No matter who wins the election, conditions of life will not substantially change. The TENDENCY for the rich to get richer and the poor to approach Third World conditions inevitably results from the way capital works. The drive for world domination, inherent in the logic of the capitalist system that both major parties serve, is a decidedly bipartisan endeavor.

Although there is currently a split in the ruling class over the war and occupation and its threat to stability at home and elsewhere in the world, the Democrats continue to take the ground of the Right. While perhaps capable of giving back some rights to women and minorities, they have been unable or unwilling to tap into the dissatisfaction with the current administration or even to pose much of an alternative. Only belatedly and reluctantly has Kerry distinguished himself from Bush.

While there were enormous amounts of creativity on display at the anti-RNC events, it’s important to note that organizing around the RNC, which took up most of the movement’s time for the last year, still amounts to being defined by the very limited scope of electoral politics. 

In the end, it also must be acknowledged that police choreographed the week’s events. In their show, what was permitted, happened, and what was not, did not.

Although there has been some ebb and flow, protests have tended to get bigger over the last several years. The unprecedented ease of international coordination and a near instantaneous communication of struggles across the globe promise even more international dialogue and solidarity. This spread of ideas that can contribute to the overthrow of this society, the ruling class wants to suppress.
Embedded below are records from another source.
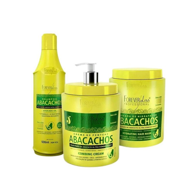 Kit Tratamento Capilar com Abacate Abacachos Forever Liss é perfeito para conquistar os cachos e curvas dos sonhos. Sua formulação possui Óleo puro de Abacate, Vitamina E, D-Pantenol e Manteiga de Karité e foi desenvolvida para deixar os cabelos cacheados, ondulados ou crespos perfeitamente hidratados e nutridos.
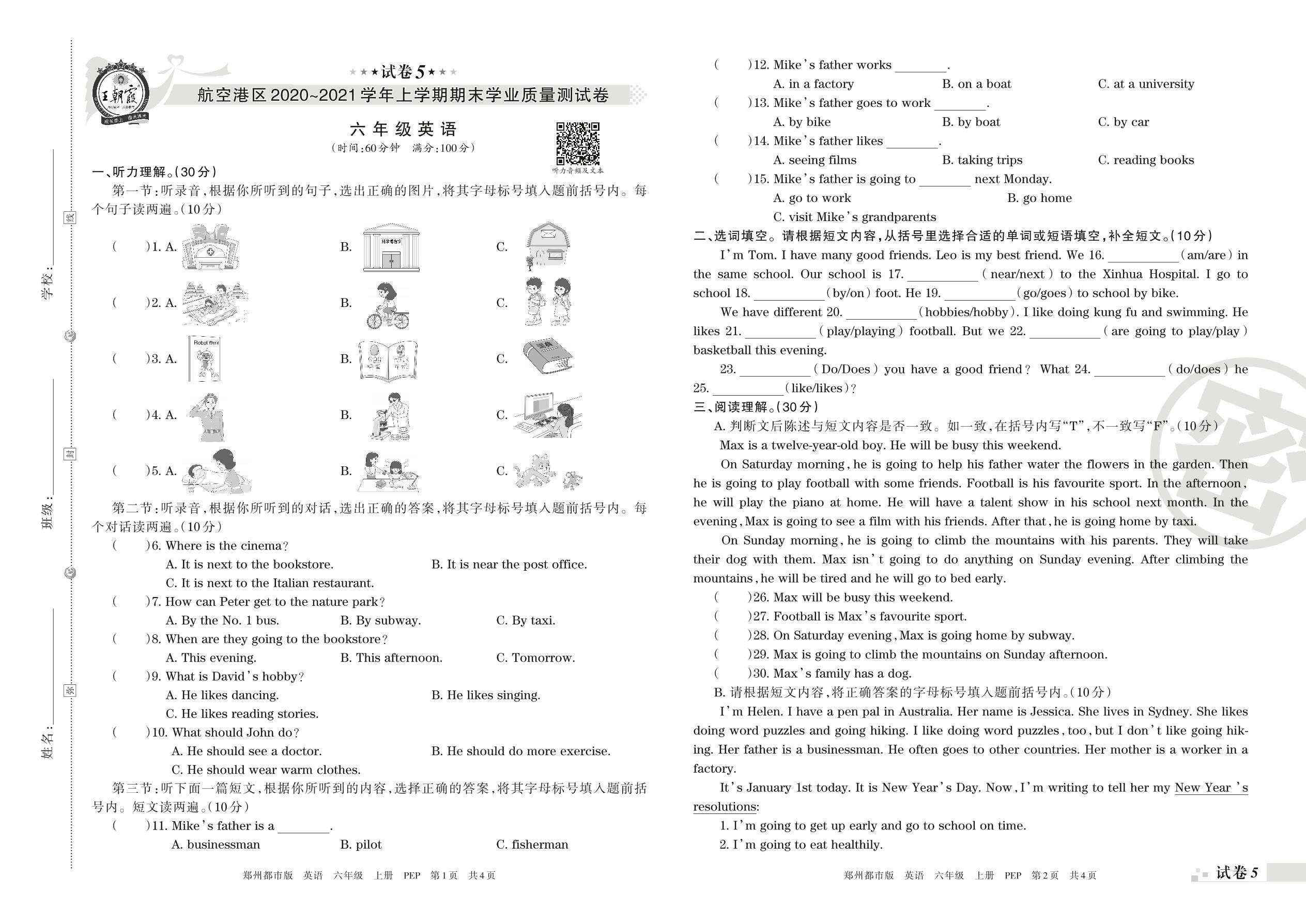 航空港区2020~2021学年上学期期末学业质量测试卷六年级英语(人教PEP版)【5】
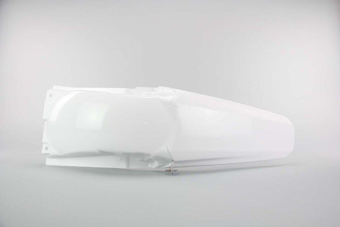 When your original dirt bike plastics need to be replaced, the UFO White Rear Fender replacement plastics are an affordable, more durable option and are built to exceed original specifications.
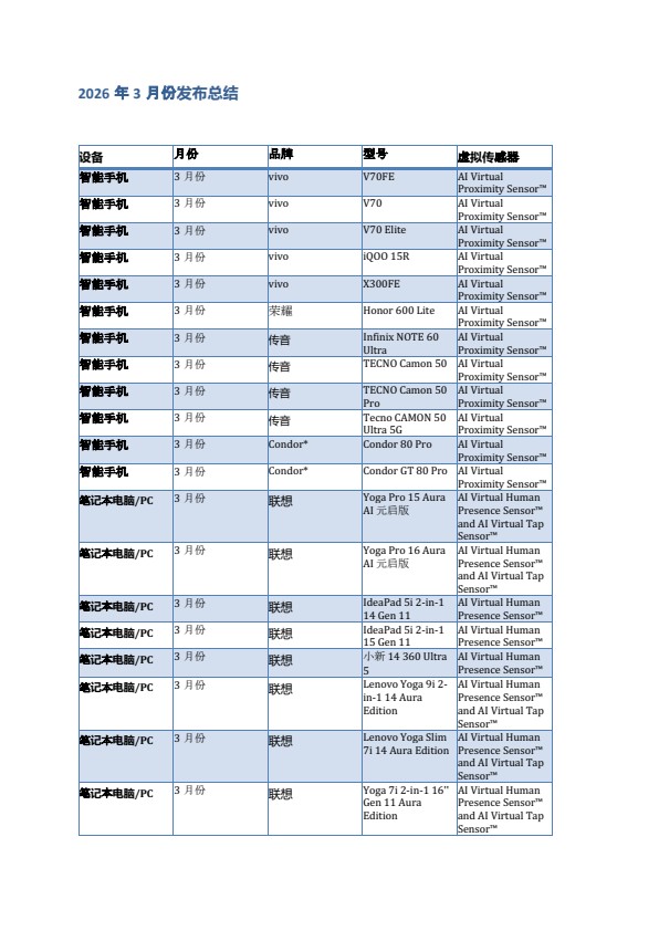 这12款智能手机覆盖多个OEM生态系统,包括vivo,其5款机型覆盖从中端到旗舰的多个价位段,同时还包括荣耀以及传音旗下Infinix与TECNO等多个细分市场品牌,以及在区域市场持续拓展的Condor。所有智能手机均搭载AI Virtual Proximity Sensor INNER BEAUTY®,一项完全基于软件的可替代传统硬件传感器的解决方案。
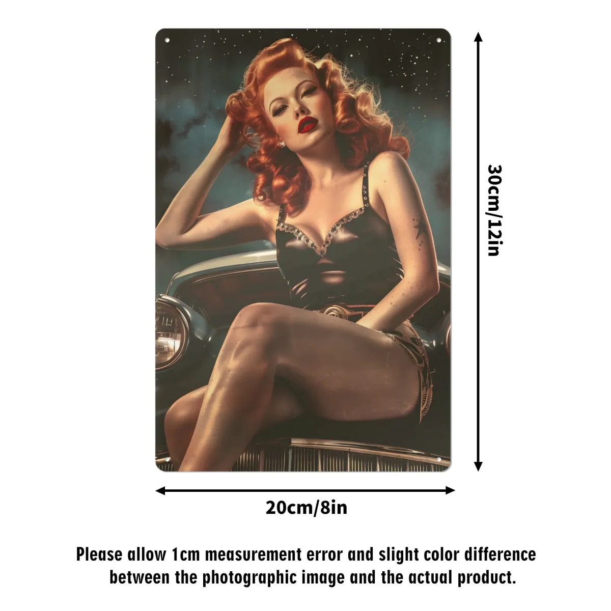 Breng de klassieke vintage charme van de jaren 50 in uw huis, garage of werkplaats met dit stijlvolle metalen bord "Retro Car"! De iconische pin-up girl gecombineerd met een chique vintage auto-design zorgt voor een stoere retro sfeer en is een echte eyecatcher voor iedereen die van nostalgie en auto’s houdt.
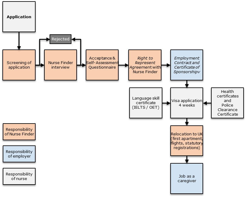 Nurse Finder interviews all nursing candidates to evaluate their English language skills, motivation to work as a caregiver and motivation to relocate to the UK. After the Nurse Finder Interview, the nurse receives a link to the Nurse Finder’s Self-Assessment Questionnaire, and the nurse shall sign the Nurse Finder’s “Right to Represent Agreement” that specifies the rights and obligations of both parties in the process.
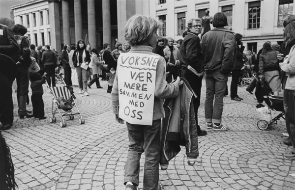 Demonstranter på Universitetsplassen på 1. mai. Gutt med plakat på ryggen. "Voksne vær mere sammen med oss". Fotografiet er fra prosjektet og boka ''Oslo-bilder. En fotografisk dokumentasjon av bo og leveforhold i 1981 - 82''. Kontakt Samfoto ved ev. bestilling av kopier.
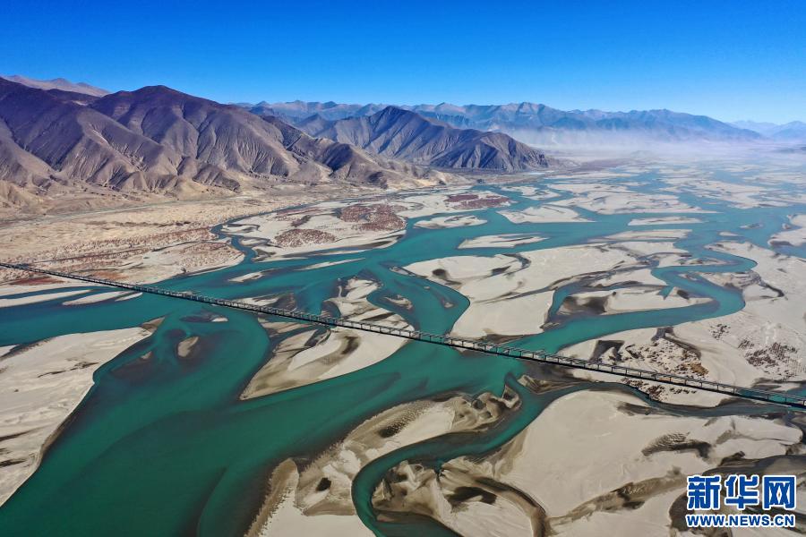 冬日,雅魯藏布江緩緩流淌,蜿蜒的河流與藍(lán)天、群山相互映襯,呈現(xiàn)出一幅美麗的自然畫卷。
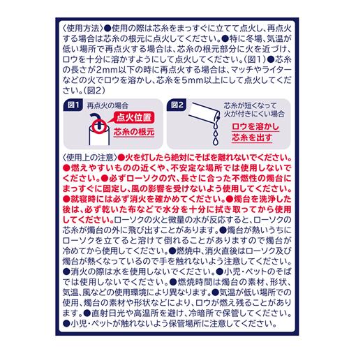 リニューアルに伴いパッケージ・内容等予告なく変更する場合がございます。予めご了承ください。 名 称 カメヤマ 赤芯ローソク セイカ 内容量 20本(560g) 特 徴 ★カメヤマ ローソク ■燃焼時間:約4時間 ■7号5 ■F0804-97-00S 区 分 ロウソク/ベトナム製 ご注意 【ご使用時の注意】●ローソクを灯しているときはその場から絶対に離れないでください。 ●金属・陶器など不燃性でローソクの穴に合った燭台に真っすぐ固定してご使用ください。 ●可燃物の付近では絶対に使用しないでください。 ●風のある所ではロウが流れやすくなり敷物などを汚すことがありますのでご注意下さい。 ●燃焼中、消火直後はやけどの恐れがありますのでローソク及び燭台に手を触れないでください。 ●燭台が熱いうちにローソクを立てると溶けて倒れることがありますので燭台が冷めてからご使用ください。 ●燃焼中、芯糸が長くなり炎が大きくなった場合一旦消火し芯糸の先をはさみで5ミリほどに切り再び点火してください。 ●特に冬場、気温の低い部屋で再点火する場合は、芯糸の根元部分に火を近づけ、ロウを充分に溶かすようにして点火してください。 ●芯糸が2ミリ以下の時に再点火する場合は、マッチの火でロウを溶かし5,6滴捨て、芯糸を5ミリ以上にすると点火しやすくなります。 【保管上の注意】●直射日光や高温所を避け、涼しい場所に保管してください。 ●小児・ペットの手の届かない所に保管してください。 本品記載の使用法・使用上の注意をよくお読みの上ご使用下さい。 販売元 カメヤマ株式会社大阪市北区大淀中2-9-11 お問合せ お客様窓口:0595-82-9837 広告文責 株式会社ツルハグループマーチャンダイジングカスタマーセンター 047-409-4023 JANコード:4901435080499
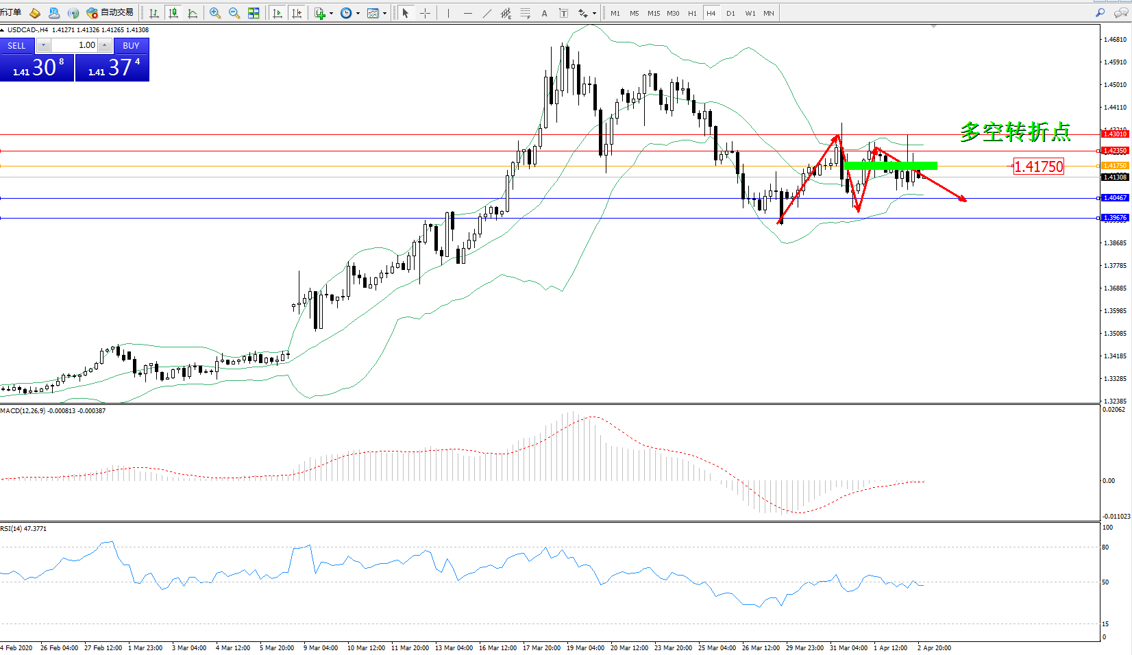交易策略:1.41750下方看跌,目标1.404671.39676
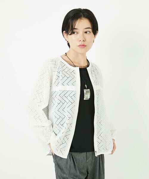 薄いコットンローンに刺繍を施した羽織ブラウスです。センターフロントはファスナー開きでブルゾン風に仕上げています。スカートやワンピースに合わせやすい、ややショートな丈感です。ファスナー仕様なので着脱が楽ちんで、冷房や日よけ対策におすすめしたい一着です。とても軽量で透け感のあるデザインなので見た目も着心地も涼やかなアイテムです。
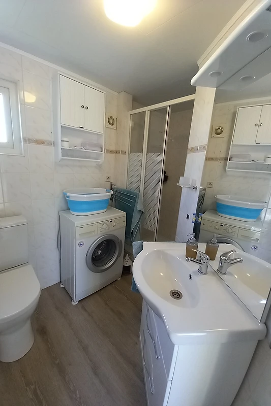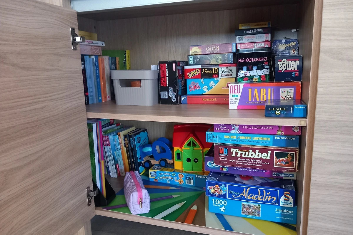 Für Familien mit kleinen Kindern sind ein Babybett, ein Rausfallschutz, ein Hochstuhl und vieles mehr vorhanden. Im geräumigen Badezimmer findet ihr außerdem einen Fön und eine Waschmaschine.
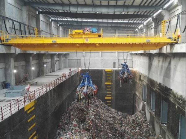 垃圾吊(又稱:垃圾抓斗起重機、全自動垃圾抓斗起重機)其設計制造符合GB、FEM、IEC等國標和國際通用標準。其結構有單層車架、雙層車架、單卷筒組和雙卷筒組;稱量綜合精度≤±1%;具有手動控制、半自動控制和全自動控制三種控制模式,三種控制模式可自由切換,在任何一種自動模式下都具有手動優先功能。目前我國公司產品已廣泛服務于日處理量在4800t/d,3000t/d,2400t/d,1200t/d,1000t/d,800t/d和小于600t/d的垃圾焚燒處理廠。
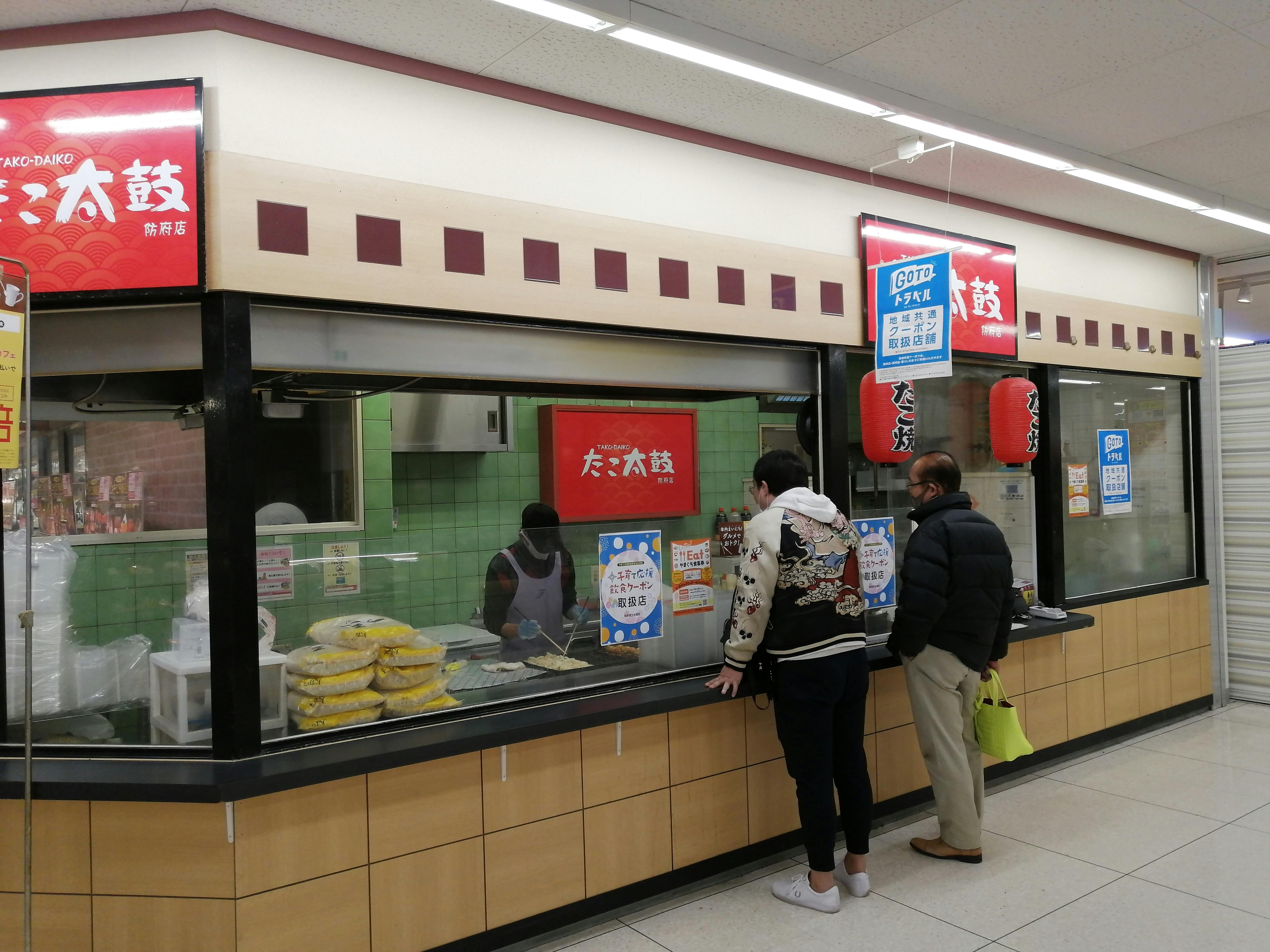地域で唯一のタコ焼き屋が、後継者不足により廃業の危機にあります。駅前の一等地に立地し、近所の方や学校帰りの学生がよく行くスーパーのテナントです。山口県防府市中央町にあるイオン防府内「たこ太鼓」です。営業時間は10時~19時。年中無休の店です。もちろん現オーナーに掲載許可をいただいています。
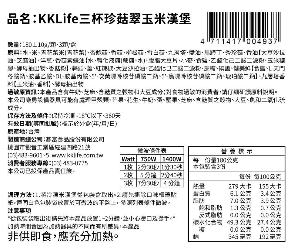 ◆產品名稱:【KKLife】三杯珍菇翠玉米漢堡
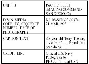 Your skill as a caption writer, like any endeavor, will improve with practice. When you write a caption, have the photograph in front of you. This may help you recall just what was taking place. Avoid phrases, such as- Shown above, This is a picture of. . . . or Posing for the camera . . . . These phrases insult the reader's intelligence. When writing captions, you should always be alert to point out interesting or important things in the photograph that might escape the casual reader. Remember to spell out the meaning of all unfamiliar abbreviations. PHAA may mean Photographer's Mate Airman Apprentice to you, but it may be meaningless to the reader. Finally, you must remember that the caption should supplement the photograph, not duplicate with words what is readily evident in the photograph. Captions should always be typed, preferably double spaced, on a separate sheet of paper, such as crack-and-peel stickers or plain, white paper, and affixed to the back of the photograph. When using plain, white paper to prepare and attach a caption to a photo, first type the caption on the bottom of a sheet of paper. Cut off most of the unused portion and fold just above the typing. Attach the caption to the back of the photo with tape so the typed caption folds over the bottom and lies against the face of the photo. When unfolded, the caption is properly positioned at the bottom of the photo. |
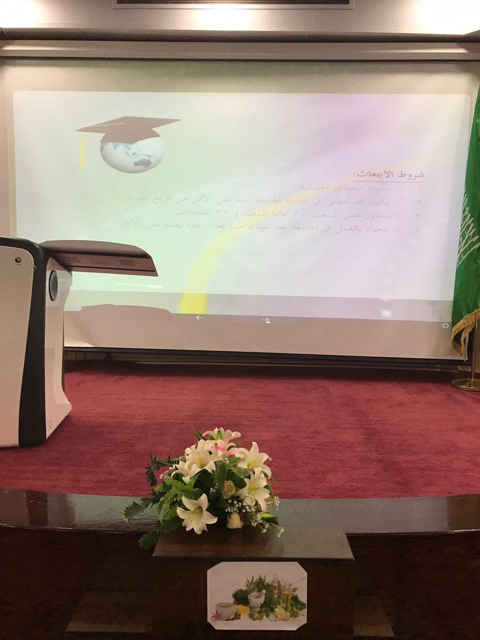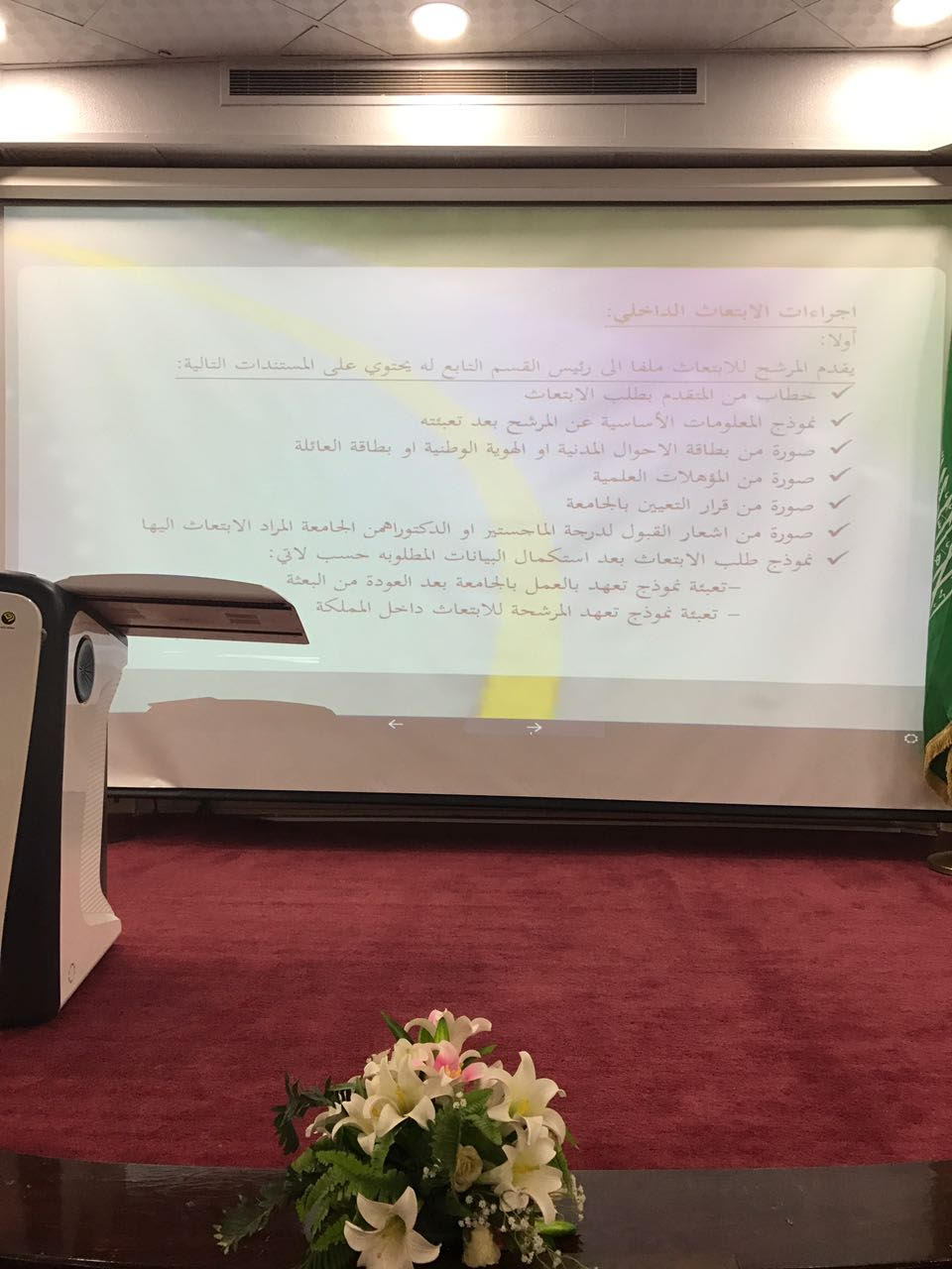 أقامت وحدة الابتعاث بكلية العلوم والدراسات الانسانية بحوطة بني تميم يوم الثلاثاء الموافق ١٤٣٨/٣/٢١هـ ورشة عمل بعنوان (الابتعاث الداخلي إجراءاته وأحكامه) بمسرح الكلية في تمام الساعة الحادية عشر صباحًا، قدمت من خلالها رئيسة وحدة الابتعاث ا.أروى الداود شرحًا تفصيليًا عن أبرز الإجراءات التي يتم اتخاذها قبل وخلال وبعد فترة الابتعاث وتم عرض الشروط اللازمة للابتعاث والمستحقات المالية المتعلقة بالمبتعثات كما تم عمل لقاء بسيط مع إحدى عضوات هيئة التدريس بالكلية والتي تم ابتعاثها داخليا لعرض تجربتها وتقديم النصائح اللازمة لزميلاتها الراغبات في الابتعاث هذا وقد حضر الورشة عميدة الكلية د. حصة الهزاني وعدد من رئيسات الأقسام وعضوات هيئة التدريس والإداريات وبعض الطالبات مبديات استفادتهن ورضاهن عن ماتم تقديمه خلال الورشة.
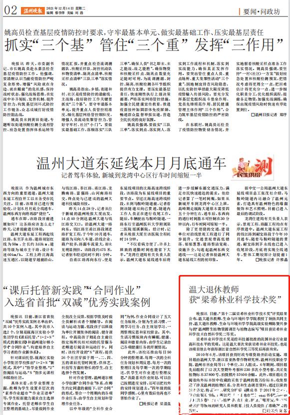 “梁希科学技术奖”是经科技部批准的外国林业行业最高科技水平的奖项。这是温大首次荣获梁希林业科技奖,也是该项目继去年获得浙江省自然科学奖三等奖后再获殊荣。
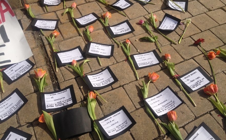 3 din 4 | Cele mai triste imagini de 8 Martie - S-au depus flori pentru ELE, dar din pacate nu le vor primi niciodata - Protest cu flori in fata Ministerului Justitiei din Bucuresti
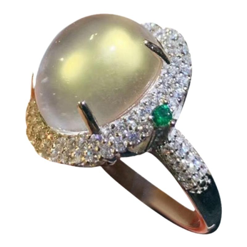 s925纯银配钻石镶嵌冰种水晶石大颗粒蛋面戒指女款手饰清新时尚潮

There is also a growing sense from certain quarters of the movement that, rather than simply resting on the conclusion that another world is possible, we must begin seriously talking about and concretizing an alternative vision for a new society free from the capitalist order. Only this kind of reasoned self-activity can break through the false absolute of capital that declares no possible alternative and halt capital’s totalizing impulse.